Introduction

Write speeds can be one of the main bottlenecks in databases. Doing something like write-back caching can help with spikes in traffic, but ultimately if there is high throughput, a single node will reach its limit. Many databases use the syscall fsync as a component of finishing a transaction to maintain durability. One of the side effects of ensuring data durability through the use of fsync is higher latency. And because this syscall can take up the lion’s share of the total latency for a database transaction, it’s safe to say that the rate at which fsync can be called will serve as a factor to how many transactions can be processed per second [1].

The focus of this post isn’t actually to get into the details of how databases use fsync, but to dig into what are the performance limits of this syscall on some commodity servers.
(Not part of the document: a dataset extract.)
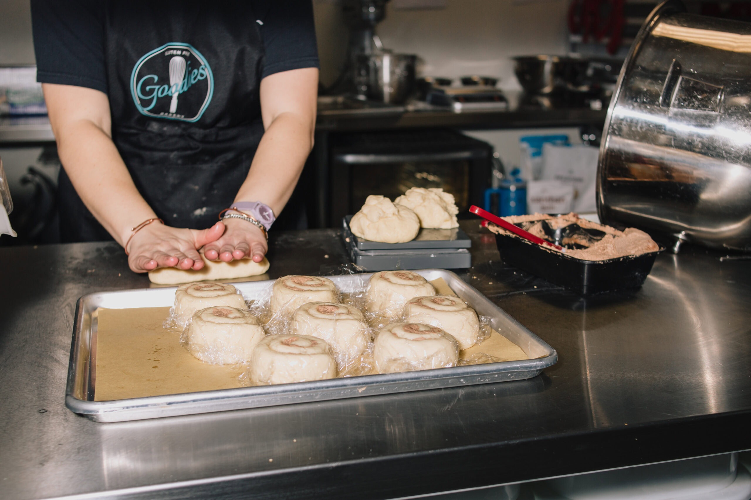 Our third Vendor Spotlight led us to Goodies Gluten Free Bakery, nestled in Black Hawk, just 20 minutes outside of Rapid City. Stepping into their lobby, we were immediately engulfed by the smell of a fresh batch of gluten-free cinnamon rolls baking in the oven. Brooke stepped out of the kitchen to greet us and introduce us to her team. Today, she was working alongside Angela—her first employee, and now one of four. Each of them lightly dusted in flour and beaming at the chance to talk about their bakery journey.

To do that, we’re going to explore I/O write performance on some gp2 EBS volumes on AWS EC2. We’ll look into how quickly fsync operations can be run and if there is any evidence of parallelization or aggregation. The goal here is to answer the question: Can IOPS be estimated from fsync alone?

Commodity Disks in the Cloud

Amazon Web Services (AWS) provides Elastic Block Store (EBS) as an option for persistent storage within the cloud. These are paired with EC2 instances to create the base file system in which applications can interact. We’re going to look at gp2 volumes from EBS, which are standard general-purpose SSD disks. The write throughput of a gp2 volume is measured in terms of I/O operations per second or IOPS. All gp2 volumes start out with a minimum of 100 IOPS and can go up to a maximum of 16000 IOPS. In between the min and max, 3 IOPS are added to the baseline for every GB of provisioned disk space. The equation for calculated baseline IOPS is as follows:

  • Baseline IOPS = min(max(100, 3 * SIZE_IN_GB), 16000)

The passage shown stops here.